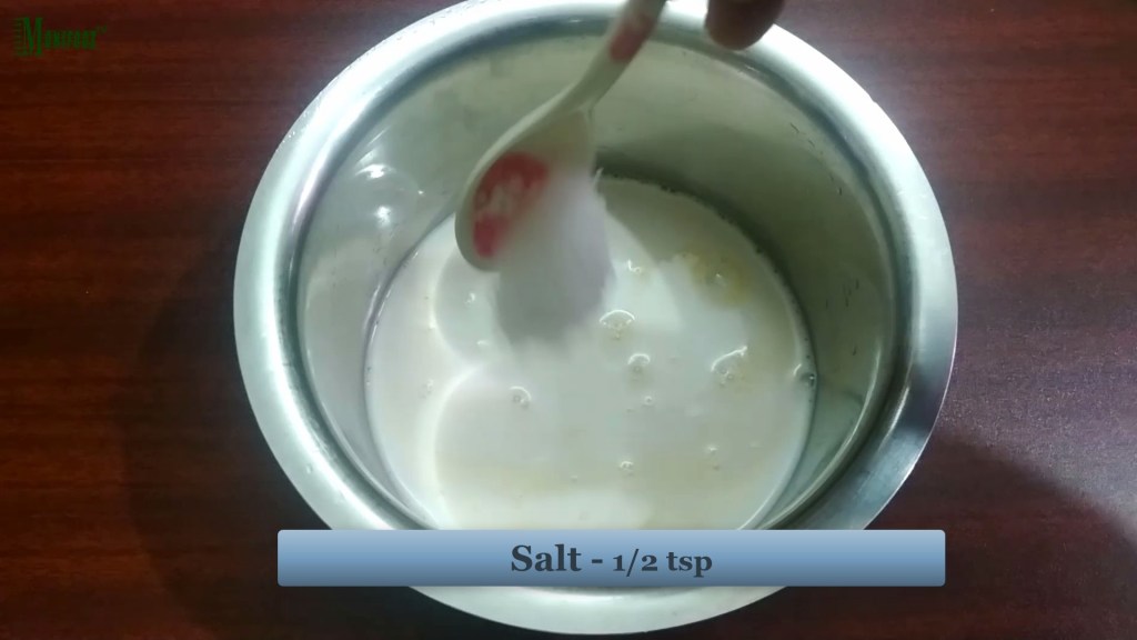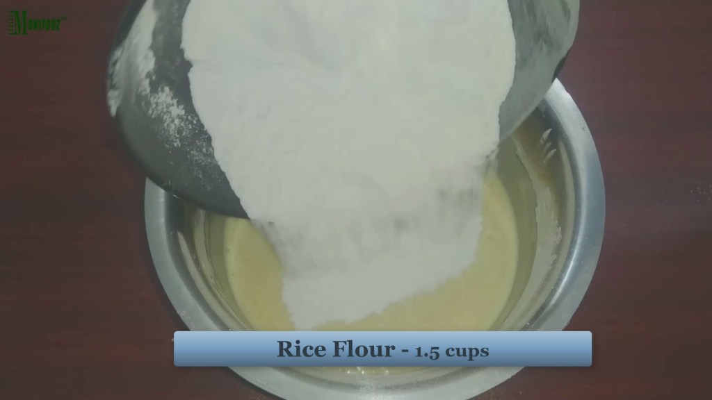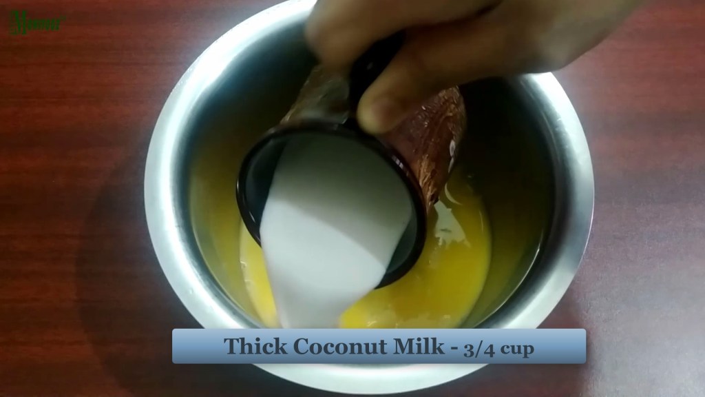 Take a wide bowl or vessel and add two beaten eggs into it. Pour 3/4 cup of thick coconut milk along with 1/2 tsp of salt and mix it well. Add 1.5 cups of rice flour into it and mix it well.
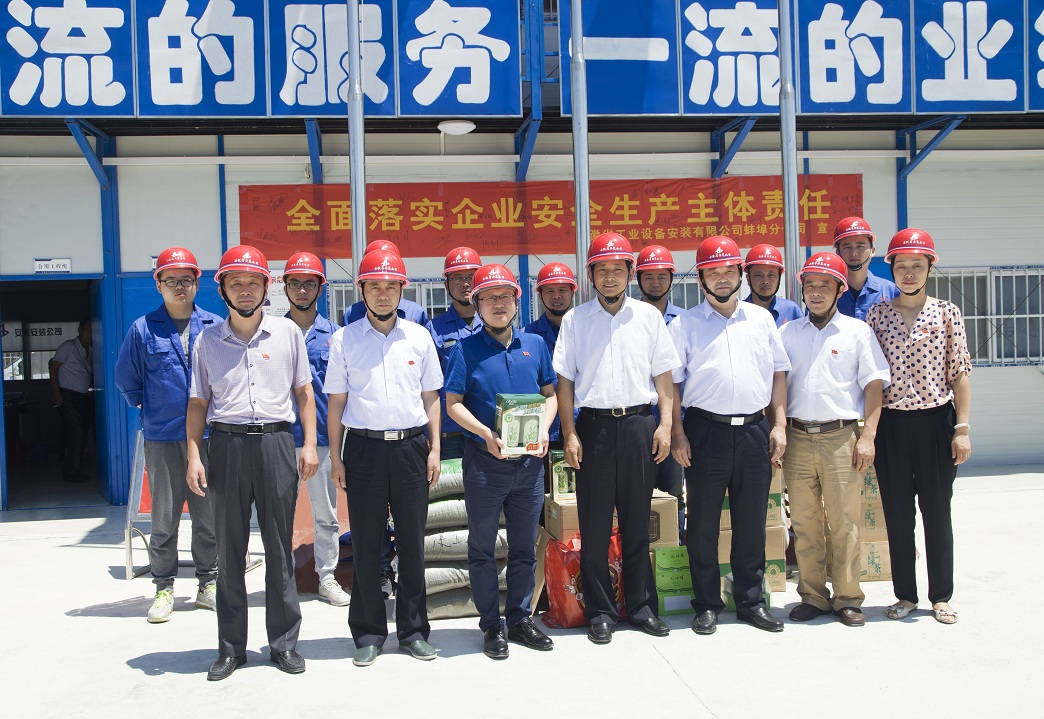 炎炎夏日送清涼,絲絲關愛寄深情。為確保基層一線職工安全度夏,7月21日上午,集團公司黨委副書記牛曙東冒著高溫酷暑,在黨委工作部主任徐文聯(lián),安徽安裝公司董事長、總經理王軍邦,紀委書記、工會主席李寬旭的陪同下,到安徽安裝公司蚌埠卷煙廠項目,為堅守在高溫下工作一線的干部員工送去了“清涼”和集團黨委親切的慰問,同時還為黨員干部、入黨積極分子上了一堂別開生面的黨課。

...

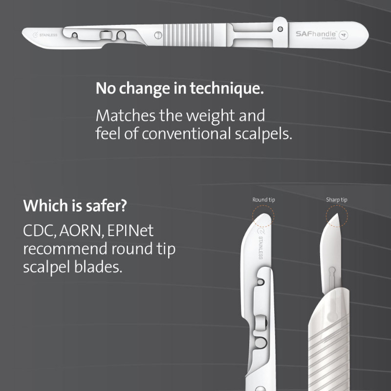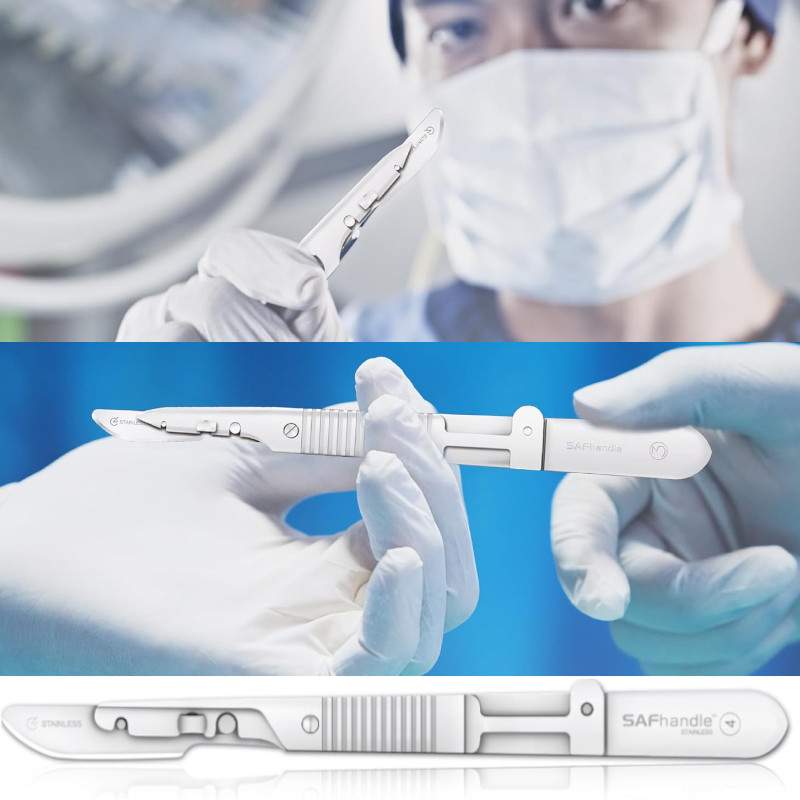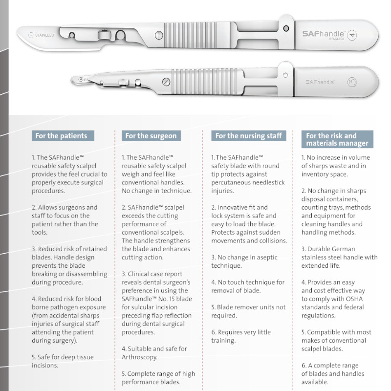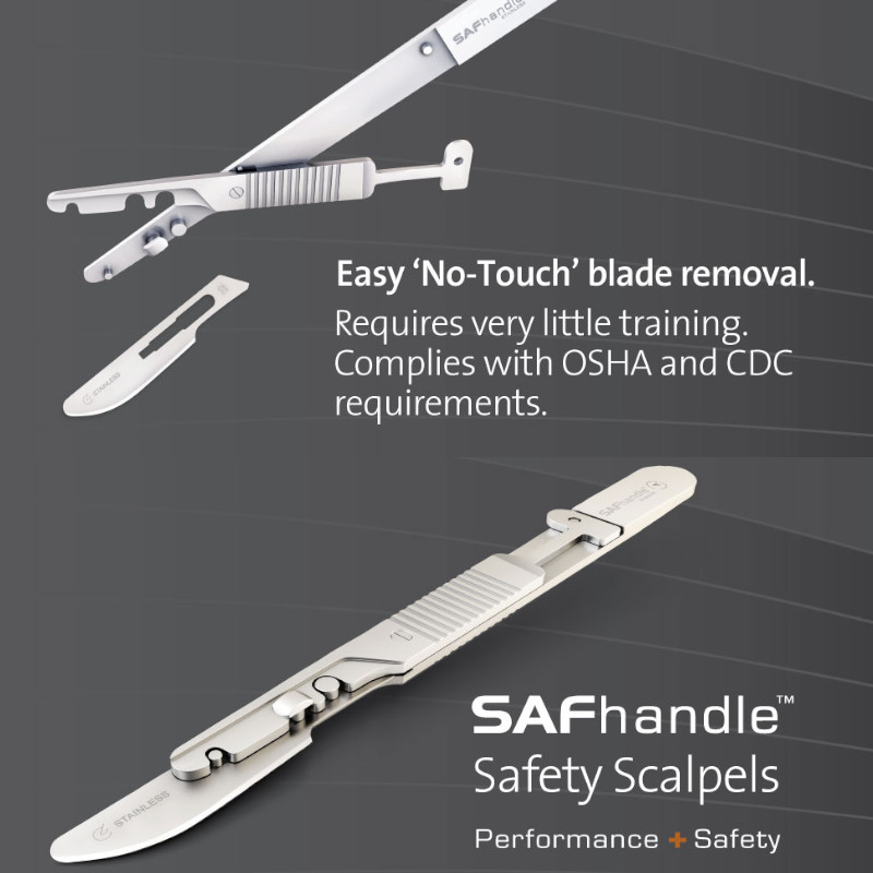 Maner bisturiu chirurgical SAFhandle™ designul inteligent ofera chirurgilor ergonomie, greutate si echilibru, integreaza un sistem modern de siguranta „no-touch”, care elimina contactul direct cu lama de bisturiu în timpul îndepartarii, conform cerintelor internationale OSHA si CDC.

### ASSIGNMENT
With the pictures left out, write out exactly the lines above from the one containing "Take a wide" through the one containing "炎炎夏日送清涼,絲絲關愛寄深".

### EXERCISE ANSWER
 Take a wide bowl or vessel and add two beaten eggs into it. Pour 3/4 cup of thick coconut milk along with 1/2 tsp of salt and mix it well. Add 1.5 cups of rice flour into it and mix it well.
 炎炎夏日送清涼,絲絲關愛寄深情。為確保基層一線職工安全度夏,7月21日上午,集團公司黨委副書記牛曙東冒著高溫酷暑,在黨委工作部主任徐文聯(lián),安徽安裝公司董事長、總經理王軍邦,紀委書記、工會主席李寬旭的陪同下,到安徽安裝公司蚌埠卷煙廠項目,為堅守在高溫下工作一線的干部員工送去了“清涼”和集團黨委親切的慰問,同時還為黨員干部、入黨積極分子上了一堂別開生面的黨課。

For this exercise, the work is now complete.